Problem Description and Solution approach
We have selected the following three NAS PB benchmarks to optimize in CUDA.
- MG(MultiGrid) : Approximate the solution to a three-dimensional discrete Poisson equation using the V-cycle multigrid method[6]
- FT(Fast Fourier Transform) : Solve a three-dimensional partial differential equation (PDE) using the fast Fourier transform (FFT)[6]
- IS(Integer Sort) : Sort small integers using the bucket sort.[6]
We have profiled these benchmarks using gprof[5]. Below are the bottlenecks we could find for each of these benchmarks
- MG :- Subroutine resid which computes the residual execute for 44.07% of time though the number of calls being made to that call is only 170. This function calculates the residual in a loop. So making this loop calculation to execute in parallel we hope to achieve a better performance.[7]

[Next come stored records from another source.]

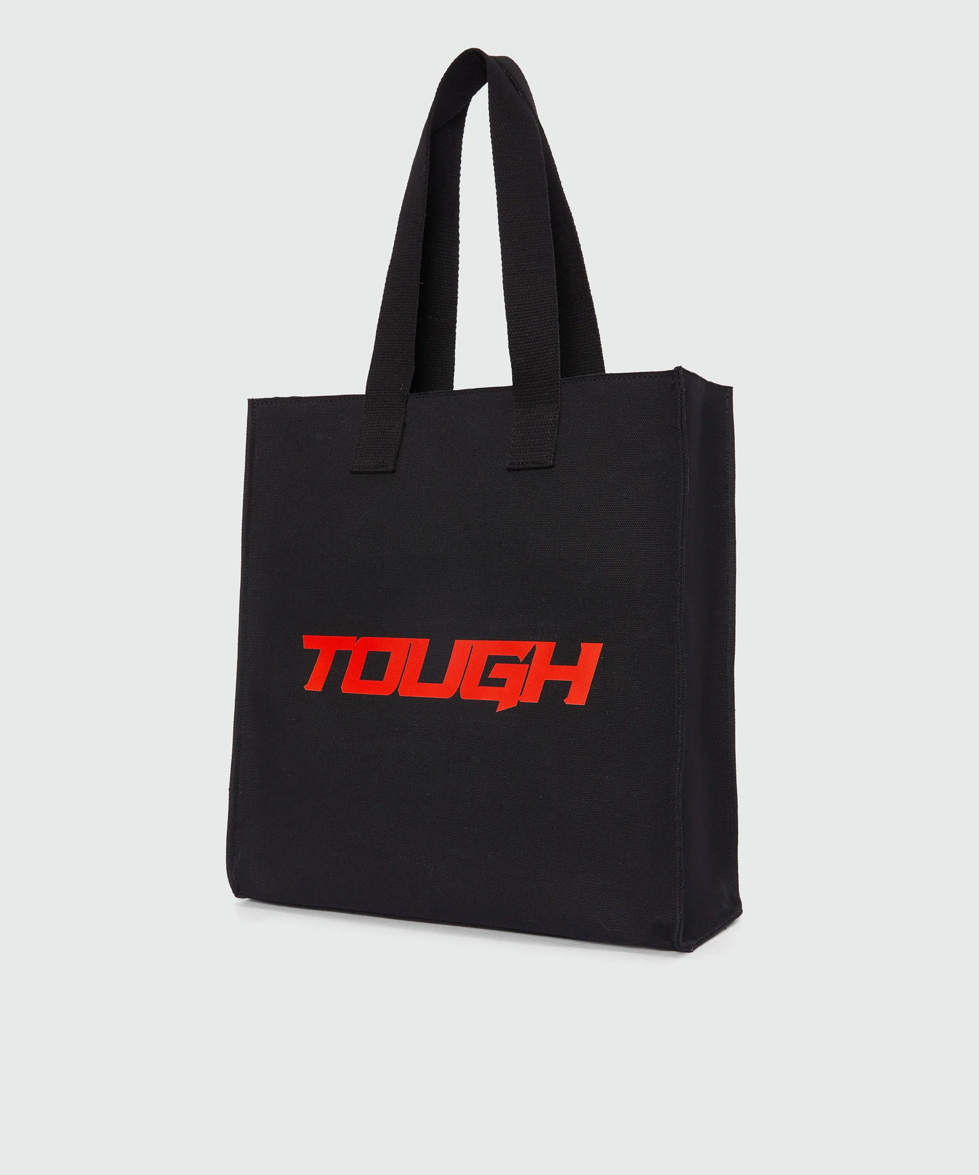 Canvas tote with contrasting "Tough" print on the front and lettering on the back. Double grosgrain handles.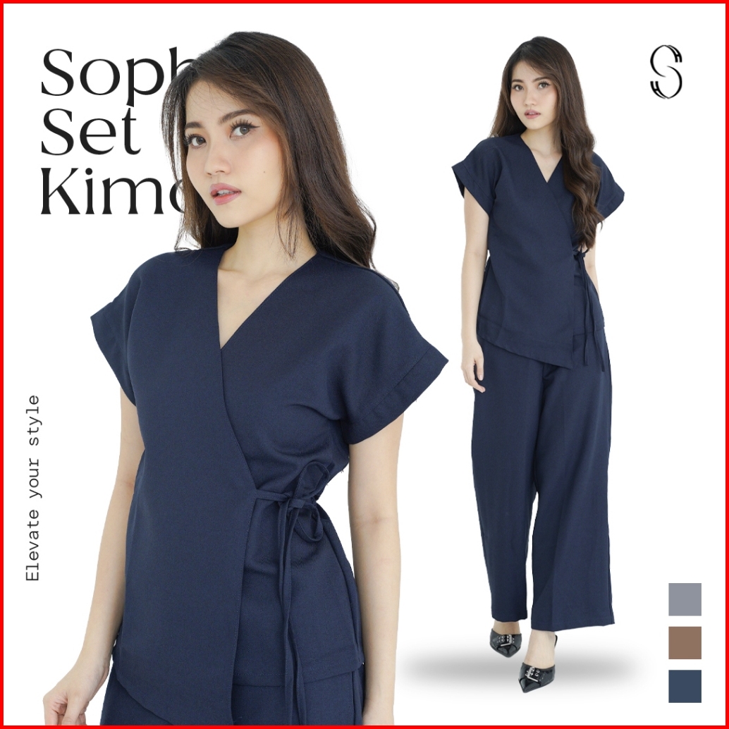 Halostylo Sophia Set Setelan Wanita Atasan Kimono Celana Kulot Panjang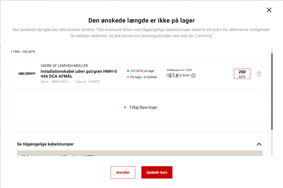 Eksempel: Bestiller du 500 meter, men vi mangler præcis den længde, får du besked – sammen med visning af tilgængelige kabelstumper.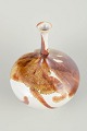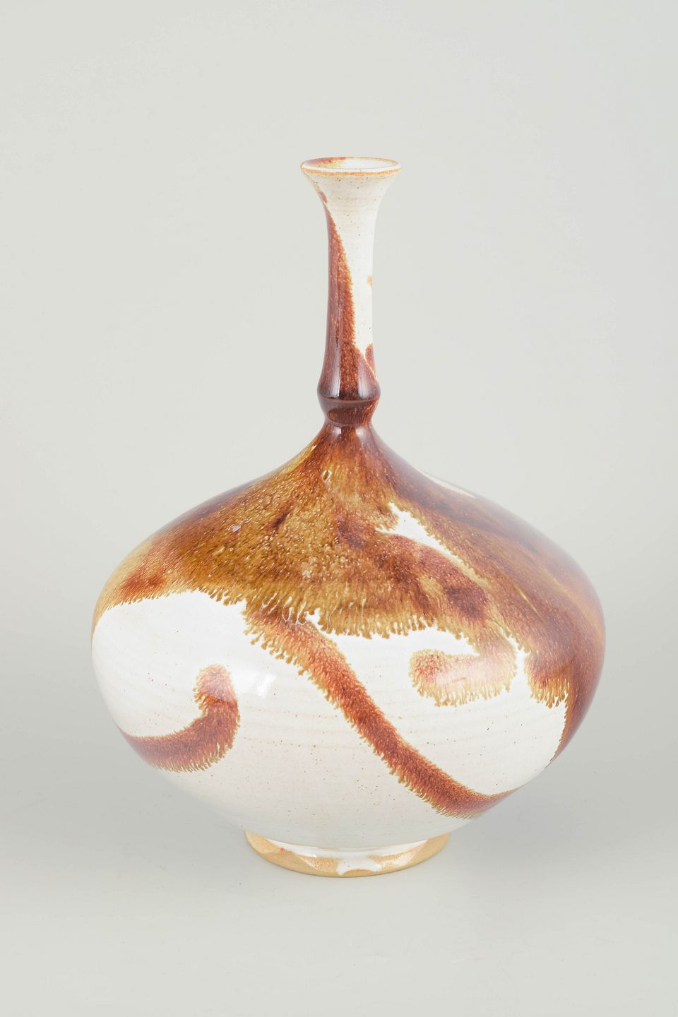 Wheel-thrown stoneware vase with tall slender neck and organic brown flowing glaze over raw white body. One-of-a-kind form, signed by the artist.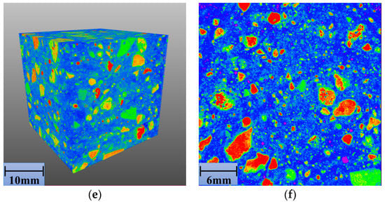 Figure 9a–f shows the X-CT images of 0FASS, 20FASS, and 40FASS; Figure 10a shows the simulation diagram of the cement-fly-ash-stabilized steel slag material (skeleton type); and Figure 10b presents the simulation diagram of the cement-fly-ash-stabilized steel-slag material (suspension type).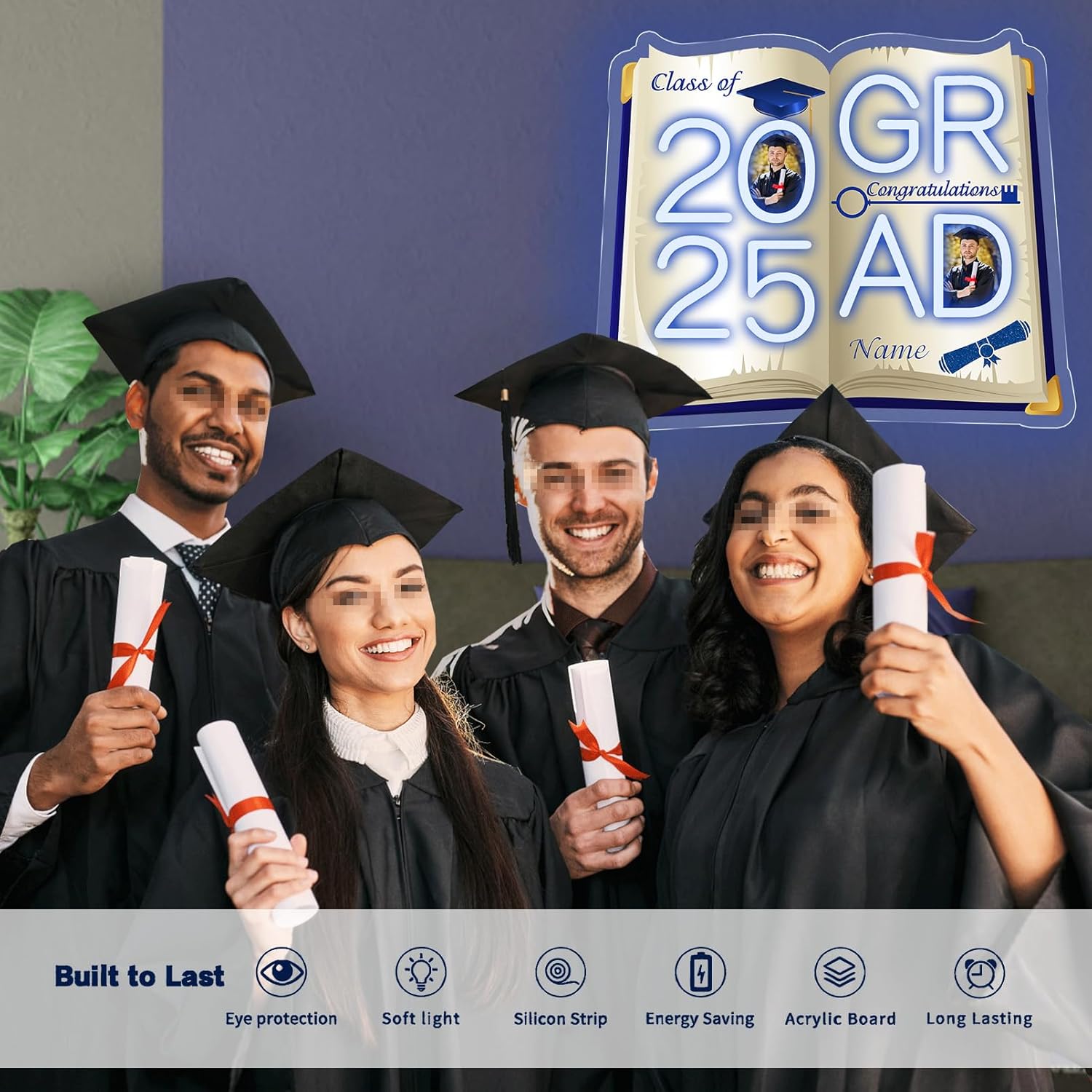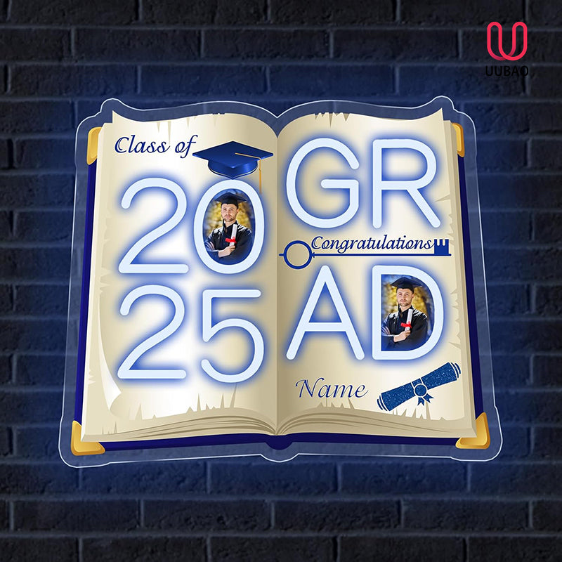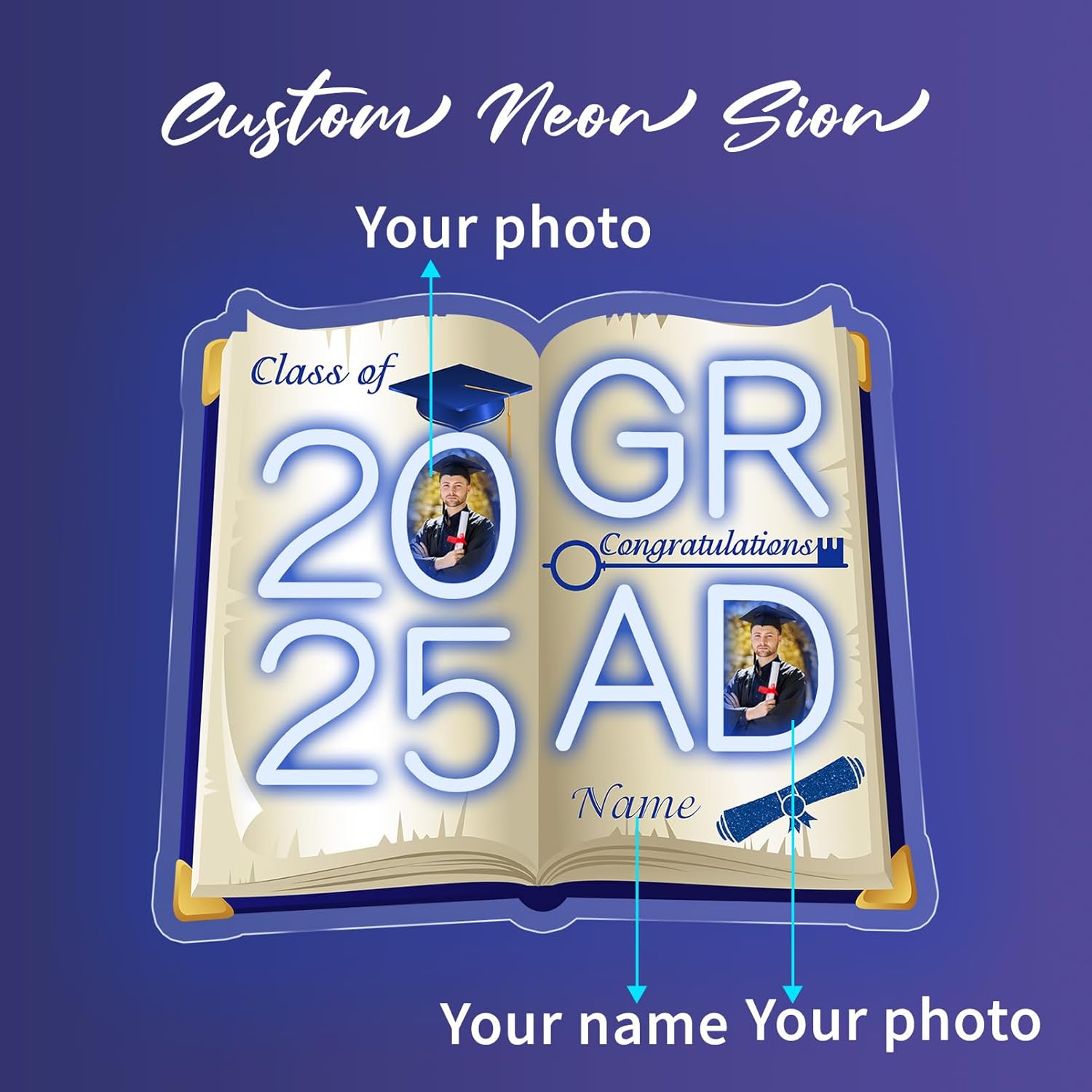 - 【Customize】Celebrate your graduation with our Custom 2025 Graduation neon sign,the unique style brighten up your space.featuring customizable size, photo and name for a truly personal touch.Just click "customize now" on top right. 【Material】Our LED neon sign is made of premium acrylic and silicone strip, safer and more bright but not dazzling.Professionally printed with bright patterns will never fade and lasts as a cherished memory for years to come.Energy-efficient LED lights make our neon signs both eco-friendly and cost-effective. 【Easy assembly and use】Comes with two different mounting accessories(metal chain,adhesive hooks) for easy hanging/mounting on a wall or other surface.Powered by USB,you can use any plug with USB port (no power adapter),The dimmer is on the usb cord, which is easy to adjust the brightness. 【Wide Application】Four sizes available: 10x12in/12x14.5in/15x18in/20x24in.The strong, clear pattern and crystal texture is very eye-catching in the sunlight. Ideal for display on a fireplace mantel, desk, closet, or locker, adding a touch of elegance to any space.Perfect choice for graduation gift and keepsake. 【 Service】We provide sincere service and products. Any problem or other special customization requirements, please contact us from message,we will give you solution within 24 hours.

- FT:- Subroutine fftz2 shows the maximum % execution time. But there are 230912 calls made to this function. So we can conclude this high execution time may not be because this subroutine computation intensive. The subroutine which shows next highest execution time is evolve . This also has a loop calculation which can be parallelized.[7]
- IS:- Two subroutines rank and randlc shows maximum execution time. Here randlc is a random number generator which is invoked 8388631 times. But at the same time rank is invoked only 11 times and it gives a similar exection time as randlc. We plan to optimize performance of this function by parallelizing the loop calculation in this function.[7]